Le strontium promeut la prolifération des ostéoblastes, leur différenciation et leur survie en activant le CaSR, et les voies de signalisation associées. L’activation du CaSR par le Sr agit également sur les voies de signalisation régulant négativement la différenciation ostéoclastique, de leur activité et leur survie, et ayant pour conséquence une diminution de la résorption osseuse. Abréviations : PLC : Phospholipase C ; CaSR : Calcium sensing receptor ; ERK : Extracellular signal regulated kinase ; PKD : Protein kinase D ; PI3K : Phospoinositide 3 kinase ; PKC : Phosphokinase C ; NF-κB : Nuclear factor kappa B ; Sr : strontium[22]

4.4. Rôle du ranélate de strontium sur l’angiogénèse

Le rôle du strontium sur l’angiogénèse a également été étudié.

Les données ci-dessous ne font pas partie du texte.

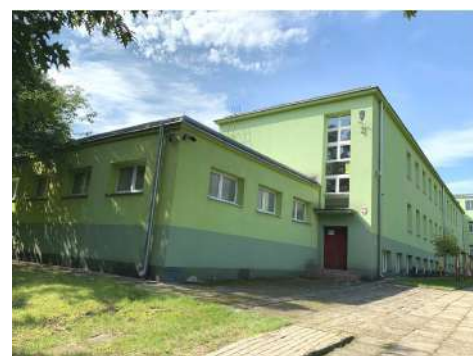
Widok szkoły od strony planowanego łącznika

Planowana inwestycja przewiduje budowę hali sportowo – widowiskowej. Ma ona służyć zarówno uczniom Zespołu Szkół nr 1 im. Szarych Szeregów, jak też wszystkim mieszkańcom Miasta jako miejsce rekreacji i wypoczynku. Komunikacja między szkołą a salą zapewniona będzie dzięki nadwieszonemu nad istniejącym dojazdem łącznikowi. Przewiduje się, że będzie on prowadził z istniejącej (bocznej) klatki schodowej szkoły.

Liu Fei et al. ont montré, en 2011, que la présence de strontium dans une matrice de polyphosphates de calcium stimulait la sécrétion de VEGF par les ostéoblastes [177]. Ces observations ont été confirmées par Wei Li Fu et al. en 2015 [164]. Le potentiel angiogénique du strontium a également pu être mis en évidence dans le cas de co-substitution avec du cobalt [204]. Enfin, lorsque des MSCs sont cultivées en présence de titane dopé en strontium, puis qu’une co-culture de ces MSCs avec des EPCs est réalisée. Après 8 heures de culture, les EPCs sont alignées et commencent à former des structures tubulaires [205].

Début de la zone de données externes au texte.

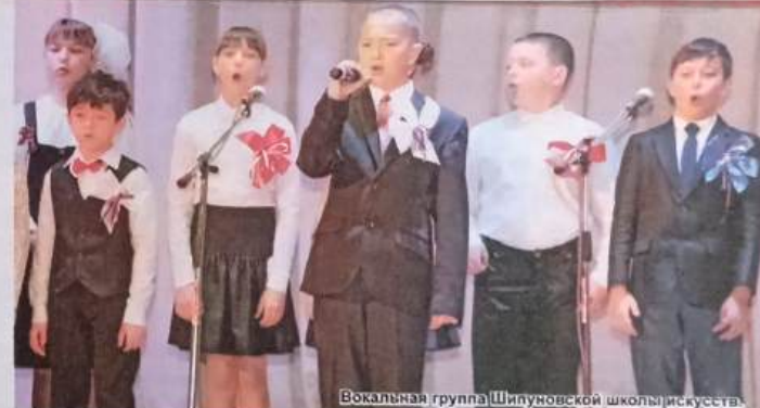
Вокальная группа Шипуновской школы искусств.

En conclusion, le rôle du strontium dans l’ostéogénèse et l’angiogénèse ayant été démontré, il devient donc un ion de choix pour stimuler la néoformation osseuse ainsi que la néovascularisation. Ces données biologiques et cliniques ont sans aucun doute contribué aux importants travaux de la littérature décrivant le dopage de substituts osseux phosphocalciques par le strontium.